What you have to do. Reproduce everything from the line that contains "In honor of" down to the line that contains "Собраны на жёлтом" in the listing below, word for word and nothing more. Leave the pictures out.

Data to process.
════════

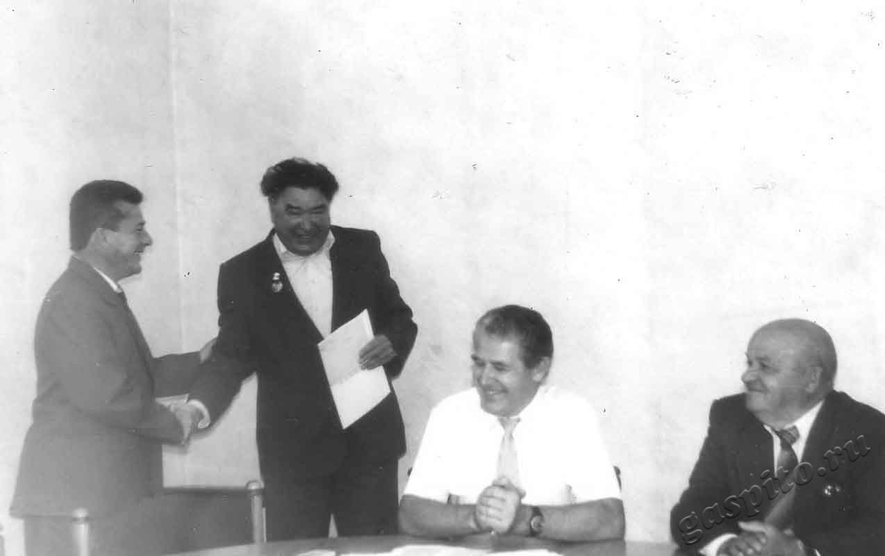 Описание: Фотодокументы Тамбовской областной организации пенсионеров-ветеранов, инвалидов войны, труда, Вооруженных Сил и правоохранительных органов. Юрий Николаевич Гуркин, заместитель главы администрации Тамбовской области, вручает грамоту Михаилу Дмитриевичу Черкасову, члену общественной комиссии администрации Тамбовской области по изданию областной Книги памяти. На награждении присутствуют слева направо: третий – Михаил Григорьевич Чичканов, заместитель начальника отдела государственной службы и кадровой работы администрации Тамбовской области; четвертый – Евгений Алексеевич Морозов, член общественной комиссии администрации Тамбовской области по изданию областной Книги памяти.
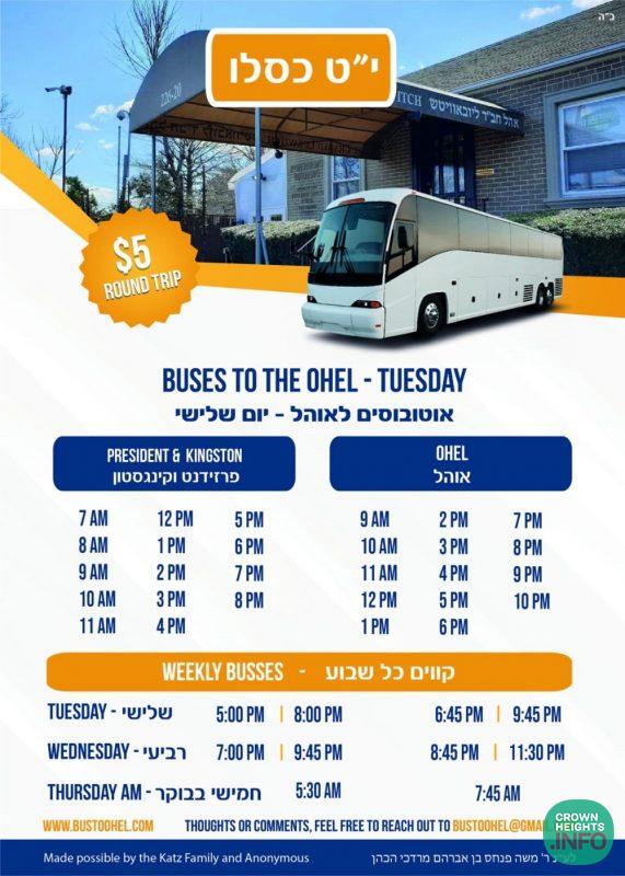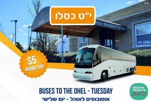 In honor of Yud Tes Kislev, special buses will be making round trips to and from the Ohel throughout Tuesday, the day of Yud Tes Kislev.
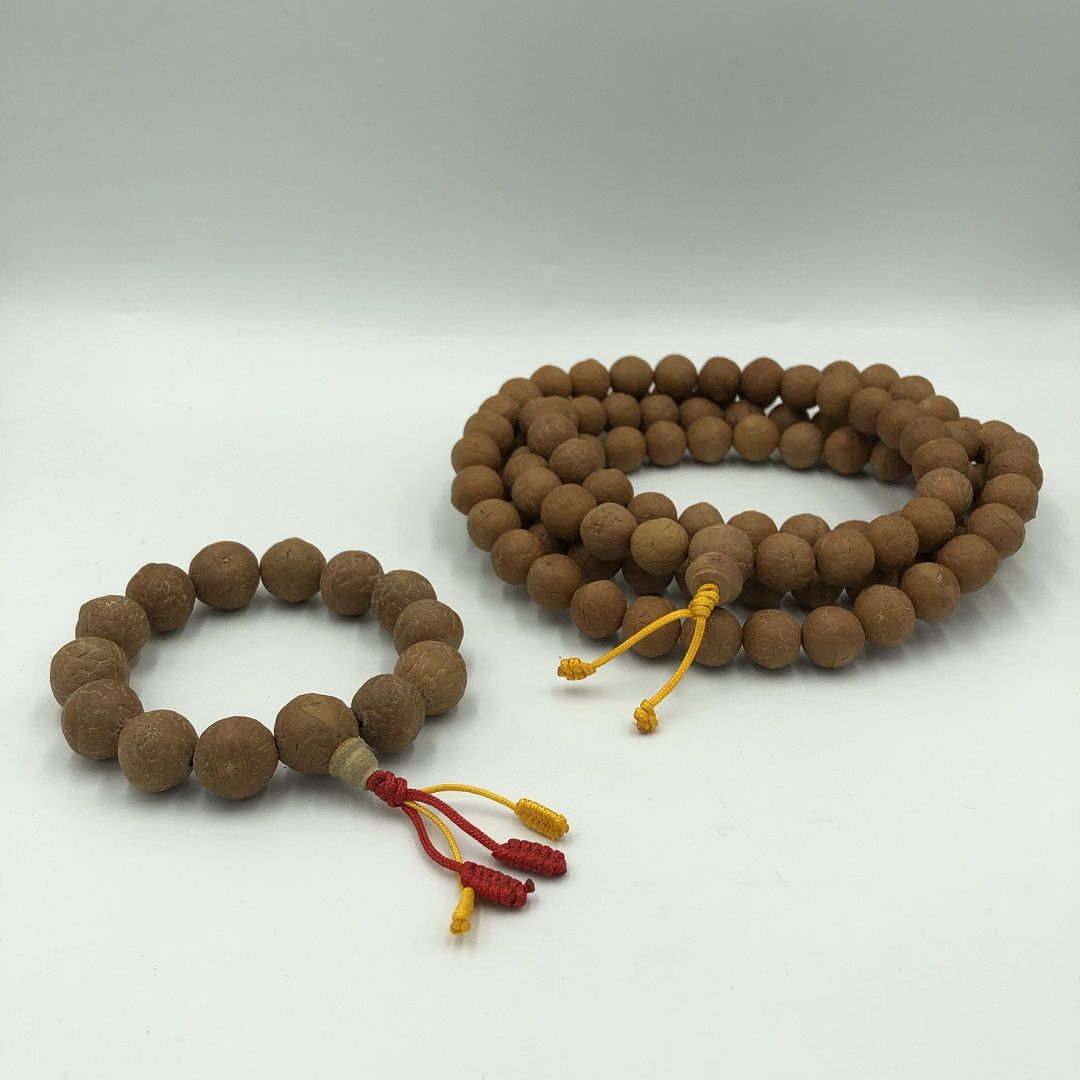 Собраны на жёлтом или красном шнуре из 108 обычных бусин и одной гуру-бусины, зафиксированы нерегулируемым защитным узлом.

════════

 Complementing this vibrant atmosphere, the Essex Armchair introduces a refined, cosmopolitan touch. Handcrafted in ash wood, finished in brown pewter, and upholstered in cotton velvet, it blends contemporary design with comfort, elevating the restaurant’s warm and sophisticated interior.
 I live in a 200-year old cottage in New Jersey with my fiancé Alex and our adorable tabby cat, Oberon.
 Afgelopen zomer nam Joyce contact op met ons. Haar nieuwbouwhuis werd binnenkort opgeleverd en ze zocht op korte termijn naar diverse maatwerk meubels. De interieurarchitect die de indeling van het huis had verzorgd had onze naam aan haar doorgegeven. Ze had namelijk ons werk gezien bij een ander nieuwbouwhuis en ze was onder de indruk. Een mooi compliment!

════════

Expected answer.
 In honor of Yud Tes Kislev, special buses will be making round trips to and from the Ohel throughout Tuesday, the day of Yud Tes Kislev.
 Собраны на жёлтом или красном шнуре из 108 обычных бусин и одной гуру-бусины, зафиксированы нерегулируемым защитным узлом.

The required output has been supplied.